[DESCRIPTION OF THE TASK]:
Drop the pictures, then extract the listing word for word.

[PROVIDED DATA]:
········
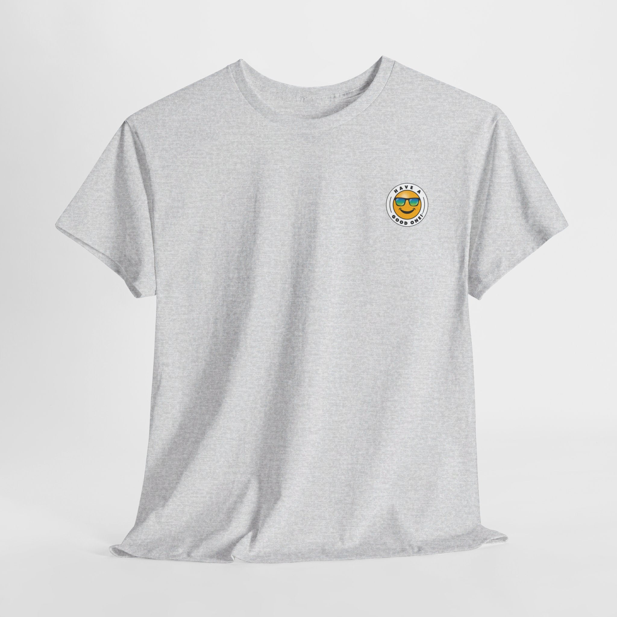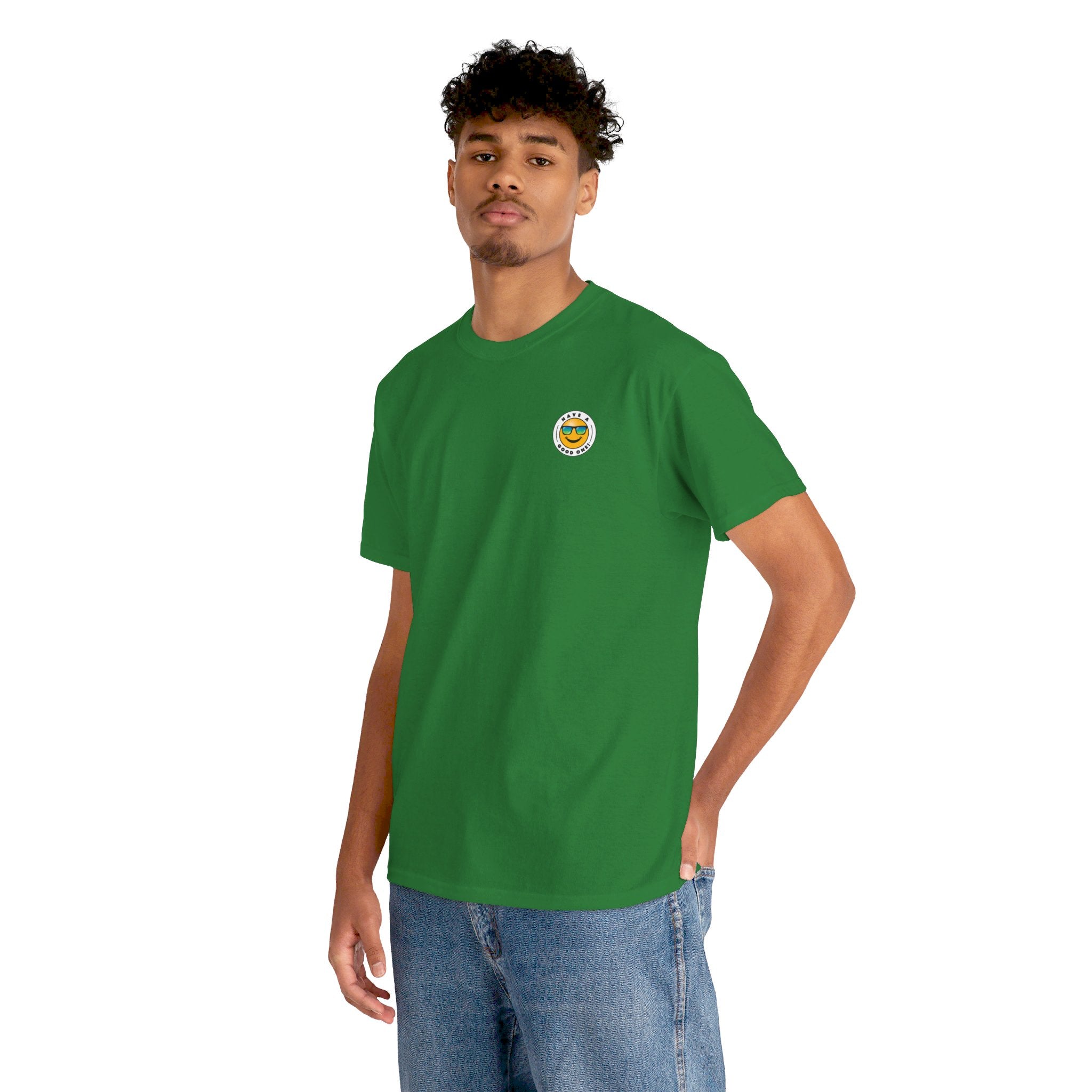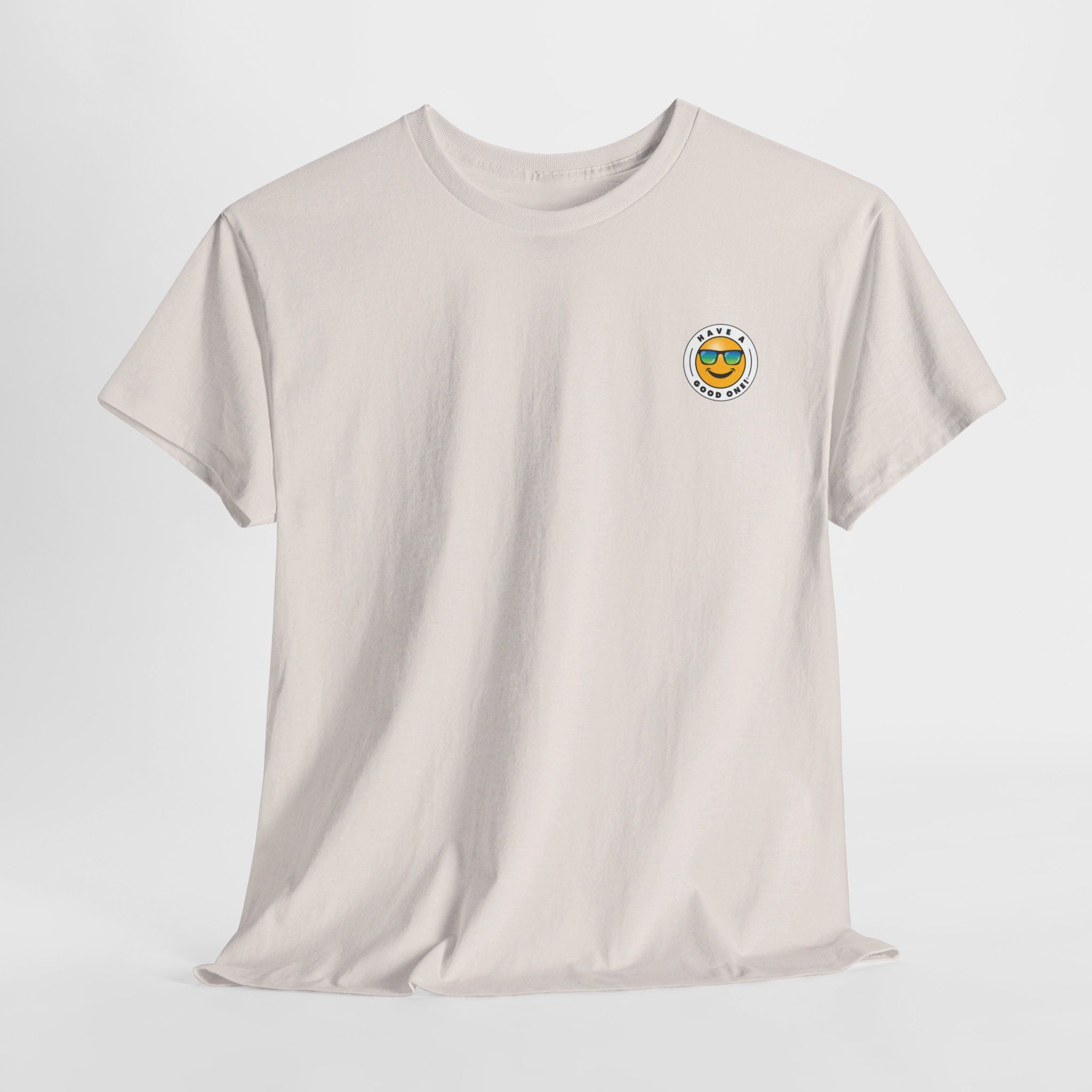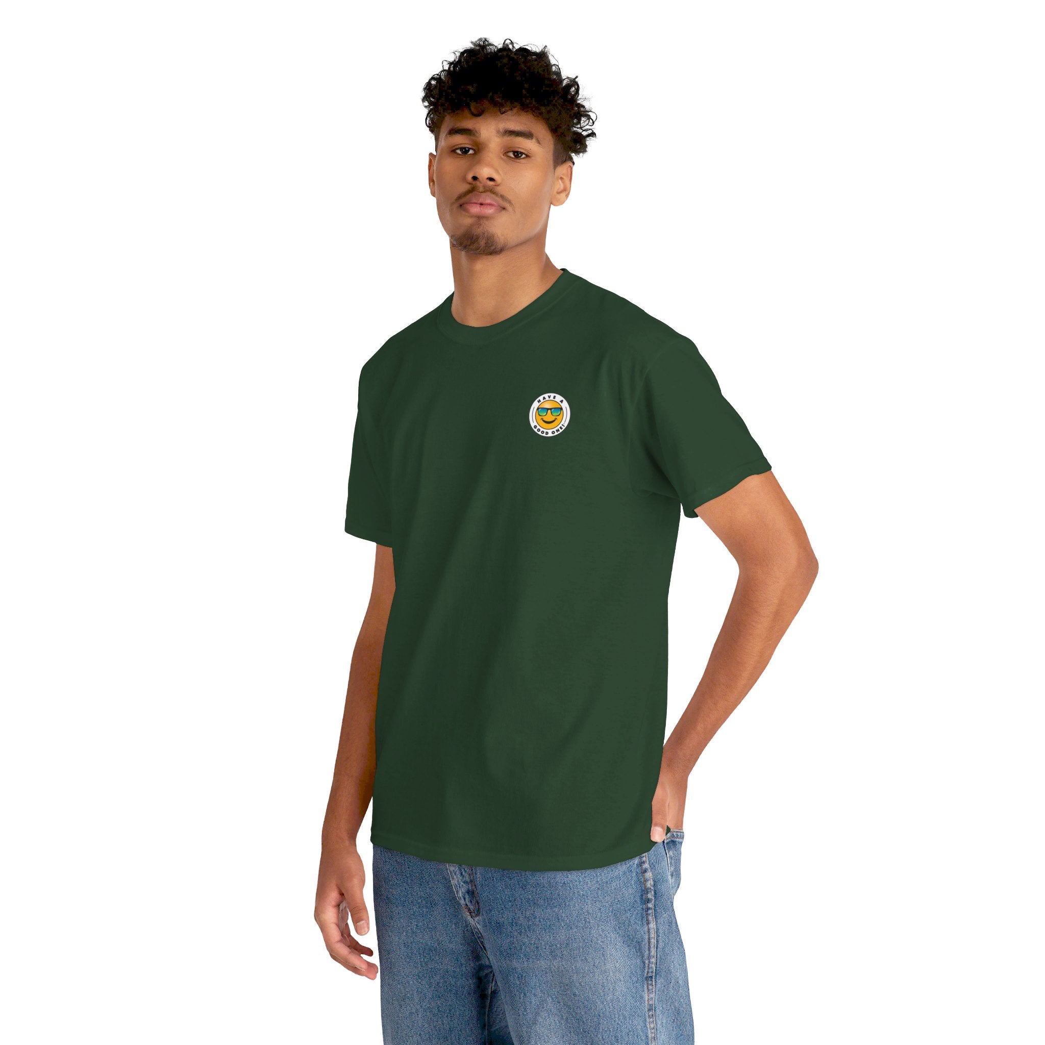 Cotton T-Shirt With Blue Green Logo and GOOD VIBES ONLY Design on Back of Shirt
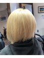 全体的にブリーチが3~4回必要になります。ブリーチ後、シルバー系のカラーでオンカラー。ケアブリーチ使用することで、ダメージをかなり軽減できます。ブリーチ回数や料金等は、来店時に気軽にご相談ください。
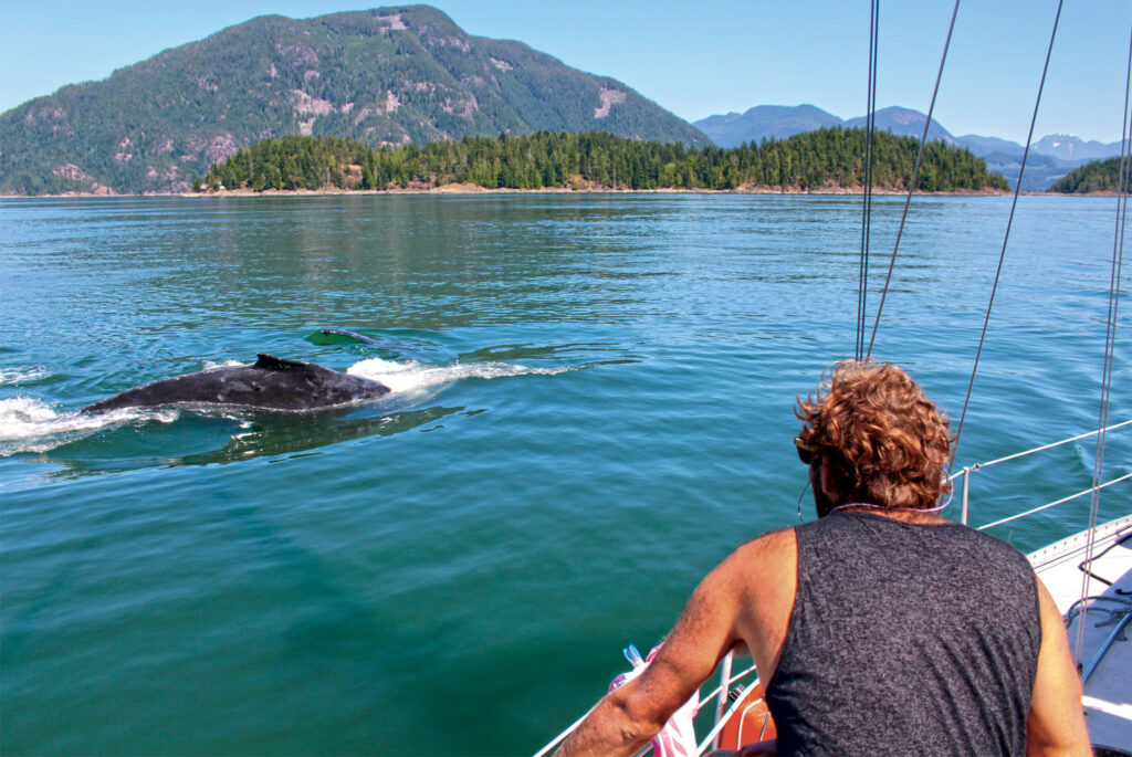 After that, our next spot was Cortes Island, famous in this part of the world for its oysters. Fortunately for us, there were no blooms of PSP (paralytic shellfish poisoning) causing algae, and we ate more oysters than I would have thought possible. It was here we also had our first close whale encounter. Multiple pods of humpbacks were cruising up and down the channel, and we took the dinghy out for a closer look. That night we fell asleep to the sound of them lazily feeding.
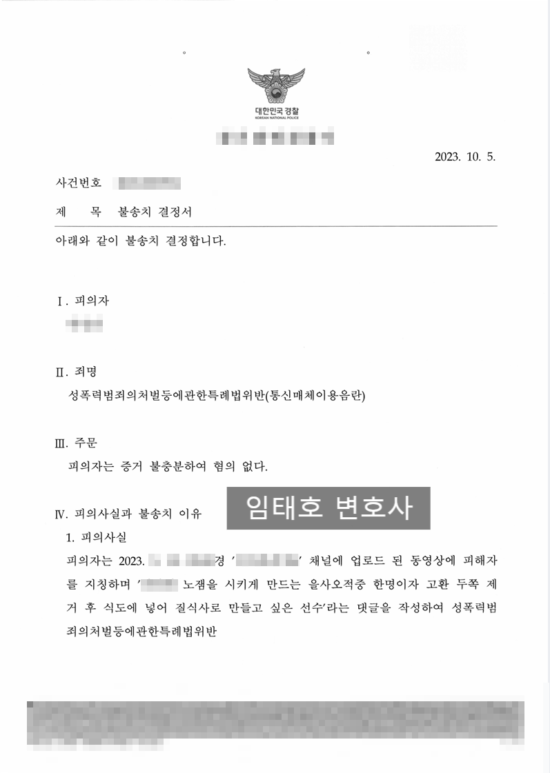 확인해 보면 이 사건 피의자와 피해자는 일면식이 전혀 없고 유튜브 영상 댓글을 작성된 점은 인정된다는 것으로 보아 불송치를 받아내긴 했어도 피의자 특정한 것을 확인할 수 있습니다.
········
[YOUR SOLUTION]:
 Cotton T-Shirt With Blue Green Logo and GOOD VIBES ONLY Design on Back of Shirt
 全体的にブリーチが3~4回必要になります。ブリーチ後、シルバー系のカラーでオンカラー。ケアブリーチ使用することで、ダメージをかなり軽減できます。ブリーチ回数や料金等は、来店時に気軽にご相談ください。
 After that, our next spot was Cortes Island, famous in this part of the world for its oysters. Fortunately for us, there were no blooms of PSP (paralytic shellfish poisoning) causing algae, and we ate more oysters than I would have thought possible. It was here we also had our first close whale encounter. Multiple pods of humpbacks were cruising up and down the channel, and we took the dinghy out for a closer look. That night we fell asleep to the sound of them lazily feeding.
 확인해 보면 이 사건 피의자와 피해자는 일면식이 전혀 없고 유튜브 영상 댓글을 작성된 점은 인정된다는 것으로 보아 불송치를 받아내긴 했어도 피의자 특정한 것을 확인할 수 있습니다.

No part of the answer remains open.